* **Work to be completed**
In the data below, find the line with "3、在衣服替换窗口中,我们按" and the line with "这里先为大家附上 Oracle 各版本支持的生命周期及发布时间线,当前较为常用的主流版本则为", then restate both and every line between them exactly, minus the pictures.

* **Data section**
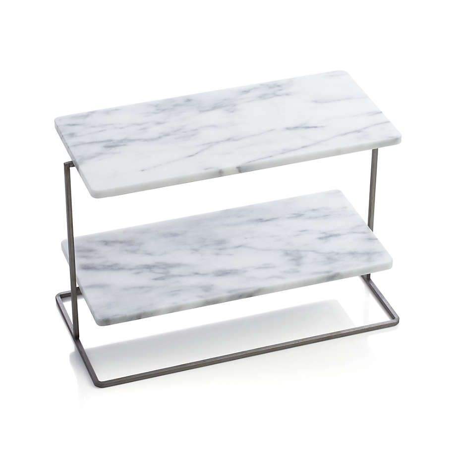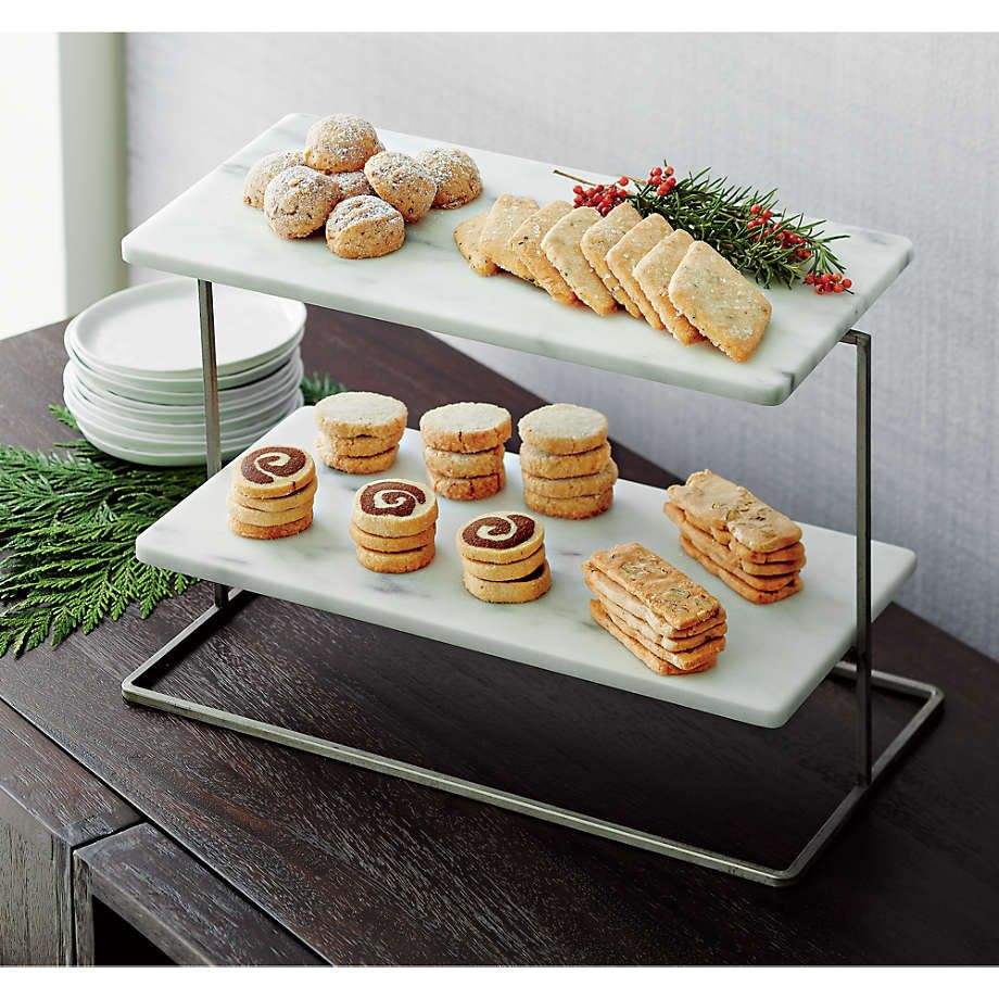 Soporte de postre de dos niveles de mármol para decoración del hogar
==
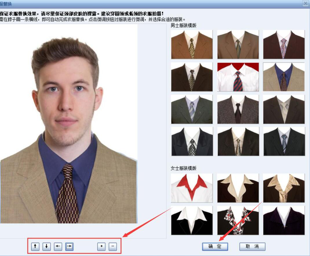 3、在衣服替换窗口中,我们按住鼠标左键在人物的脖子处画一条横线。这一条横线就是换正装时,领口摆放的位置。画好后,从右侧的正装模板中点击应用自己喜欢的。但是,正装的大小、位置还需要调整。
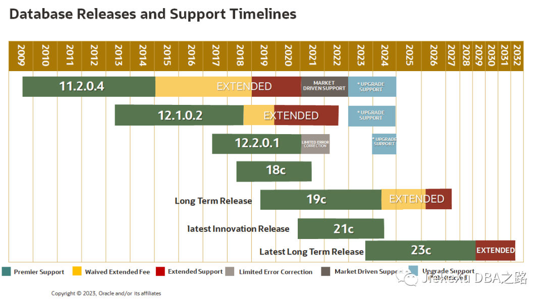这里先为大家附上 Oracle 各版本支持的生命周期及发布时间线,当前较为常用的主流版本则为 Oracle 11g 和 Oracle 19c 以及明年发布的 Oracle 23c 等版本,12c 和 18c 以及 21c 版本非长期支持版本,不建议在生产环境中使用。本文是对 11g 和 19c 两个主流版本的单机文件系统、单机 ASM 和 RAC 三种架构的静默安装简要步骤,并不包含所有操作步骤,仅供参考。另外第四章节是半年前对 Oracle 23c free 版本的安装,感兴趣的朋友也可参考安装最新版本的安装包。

* **Response to this task**
 3、在衣服替换窗口中,我们按住鼠标左键在人物的脖子处画一条横线。这一条横线就是换正装时,领口摆放的位置。画好后,从右侧的正装模板中点击应用自己喜欢的。但是,正装的大小、位置还需要调整。
这里先为大家附上 Oracle 各版本支持的生命周期及发布时间线,当前较为常用的主流版本则为 Oracle 11g 和 Oracle 19c 以及明年发布的 Oracle 23c 等版本,12c 和 18c 以及 21c 版本非长期支持版本,不建议在生产环境中使用。本文是对 11g 和 19c 两个主流版本的单机文件系统、单机 ASM 和 RAC 三种架构的静默安装简要步骤,并不包含所有操作步骤,仅供参考。另外第四章节是半年前对 Oracle 23c free 版本的安装,感兴趣的朋友也可参考安装最新版本的安装包。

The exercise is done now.